### AIM OF THE TASK
Only one stretch of the data below should be repeated: the lines from the line containing "Milić Dragana FINAL d.o.o." through the line containing "Treba što više", inclusive, exactly as they are.

### RECORDS PROVIDED
-=-=-=-=-

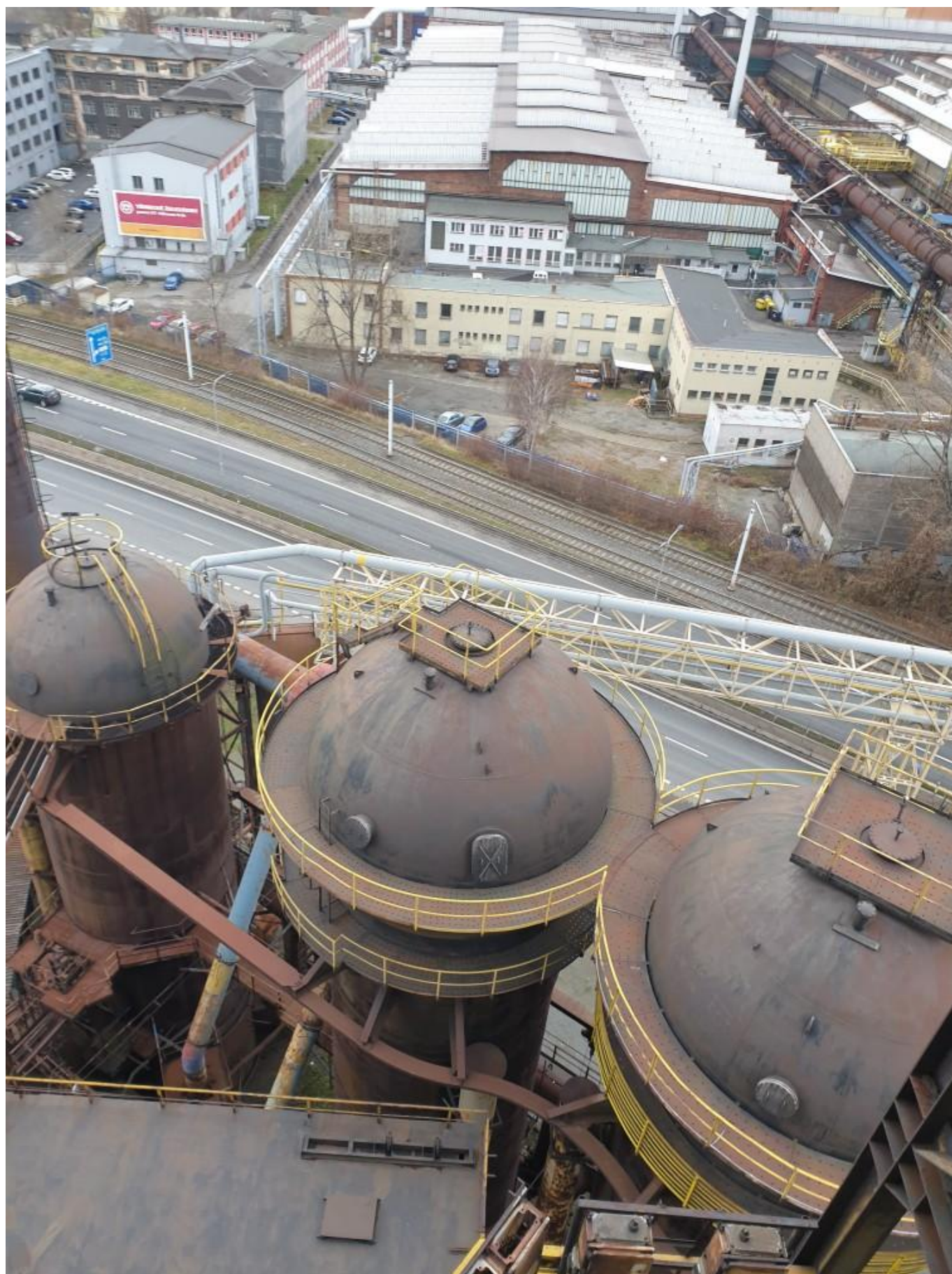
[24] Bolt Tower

-=-=-=-=-

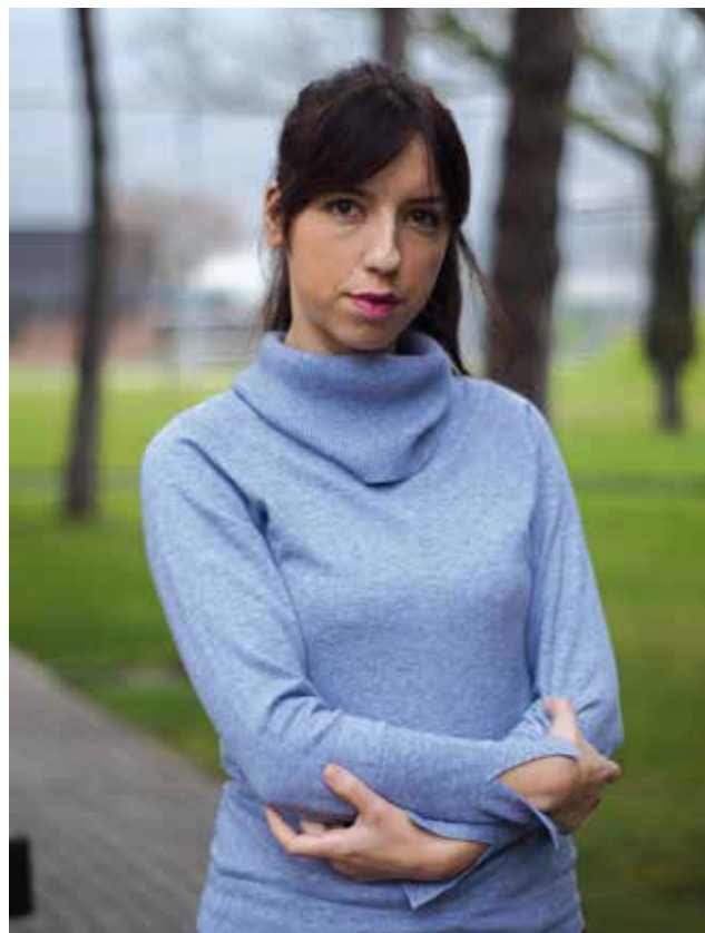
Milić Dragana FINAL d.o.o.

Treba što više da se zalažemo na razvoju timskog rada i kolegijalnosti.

-=-=-=-=-

### WRITTEN ANSWER
Milić Dragana FINAL d.o.o.

Treba što više da se zalažemo na razvoju timskog rada i kolegijalnosti.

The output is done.